The other thing we do a lot is practice at home together. We have a ton of old golf balls in a tub in the backyard where we practice chipping. We also practice shorter chipping and putting in the living room. (She has said that the words “chipping” and “living room” should not be used in the same sentence! But it’s okay, there’s enough room.)
The third thing I do with her is have contests when chipping in the yard, the living room, or on the putting green at the local course. It helps inspire her competitive spirit!
- Twyla C.
- The best advice I learned when starting to play was to not follow a bad shot with another bad shot. Regroup, choose your club carefully, slow down, and focus on making good contact with the ball. The bad shot is behind you. The most important shot is the next one.
- Alison F.
- Go buy Ben Hogan’s Five Fundamentals of Golf and memorize it. I still pull it out and review after 30 years of playing.
- Jeanette M.
- Keep up with the group you are in. If you are having trouble on a hole, don’t be afraid to pick up and move on.
- Carol M.
- I started by walking with my husband and just putting when he got to the green. I’d drop a ball and putt it out. Then I added chipping and putting each hole with my husband while I was taking lessons.
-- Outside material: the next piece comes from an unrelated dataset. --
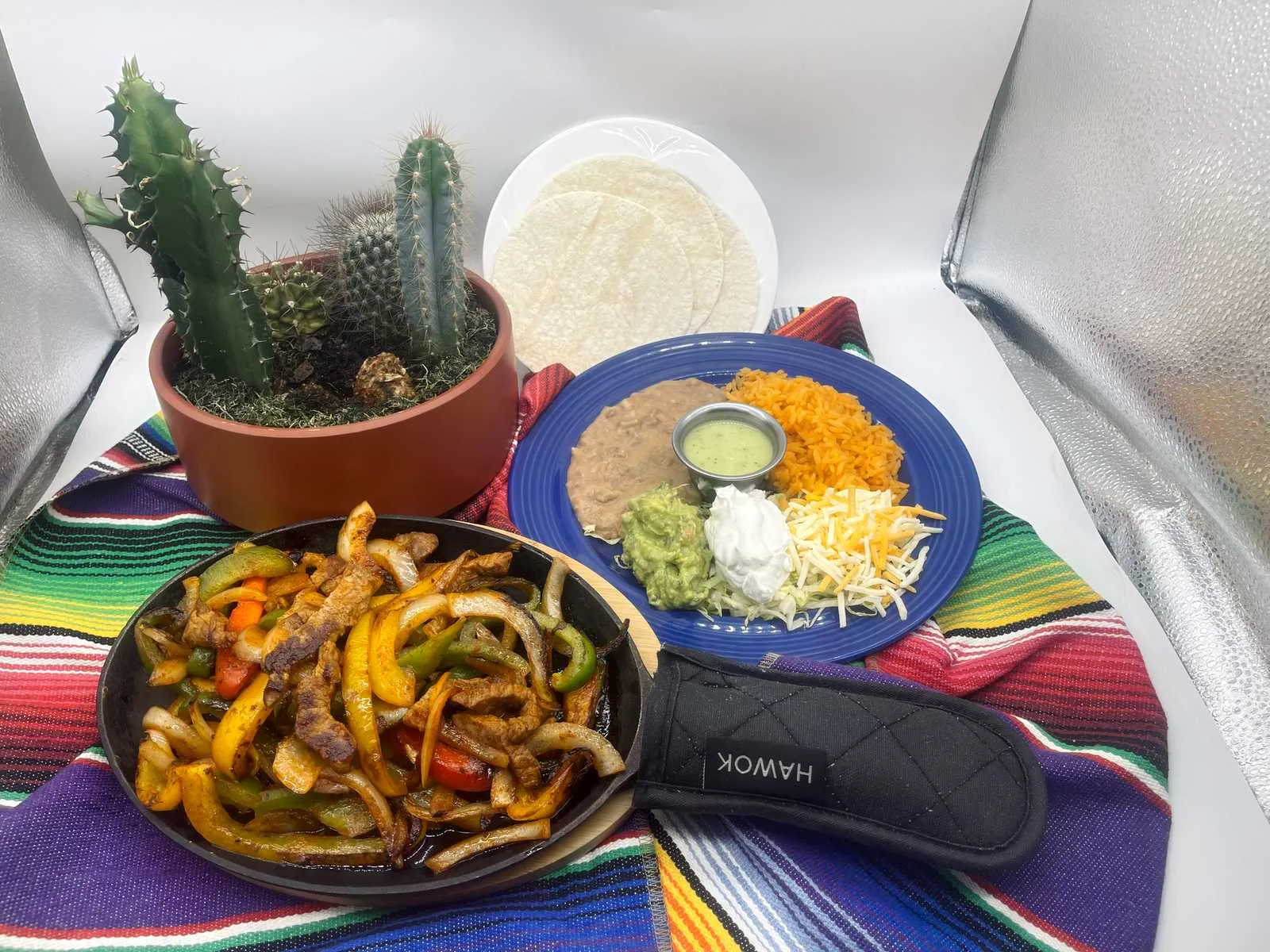 Comes With Bell Peppers, Onions, Rice, Beans, Cheese, Guacamole, Sour Cream And 3 Tortillas.

I started hitting from the front tees once I was more comfortable with my low irons but my driver was super frustrating so I concentrated on all my irons. Then I added hybrids. Joining the women’s Niners group was super great because they were all so encouraging and 9 holes was way more comfortable. Next I need to add my 5 wood and driver and my goal is to be able to join the 18 hole women’s group next spring by working all year.
- Pat S.
- Best advice I received was “hit down on irons and up on woods.”
- Judy T.
- Focus on target and tempo. One shot at a time. HAVE FUN!
- Clarie T.
- Advice when I was first learning to play golf (before keeping score!):
- Kick it back into the short grass
- Keep your head down and eye on the ball
- Laugh and have fun! You paid to play!
- No worries, you could be home cleaning house
- That one good shot will keep you coming back!
- Advice when I was first learning to play golf (before keeping score!):
- Jo H.
- Keep moving forward
- Never leave your cart (push or otherwise) behind you.
- You never want to walk ‘back’ to your cart.
- The cart should always be beside you when you hit the ball. One simple thing that will help to keep the game moving.
- Kay F.
- Remember to concentrate on one shot at a time, take a deep breath and relax!
- Kelly W.
- Best suggestion when I first started to play – use the 150 mark as your tee box. Allows you to be comfortable playing with other better golfers without affecting pace of play significantly. Use the hand wedge out of sand if you aren’t able to get out after 2 tries. You will eventually – don’t beat yourself up when you’re still learning.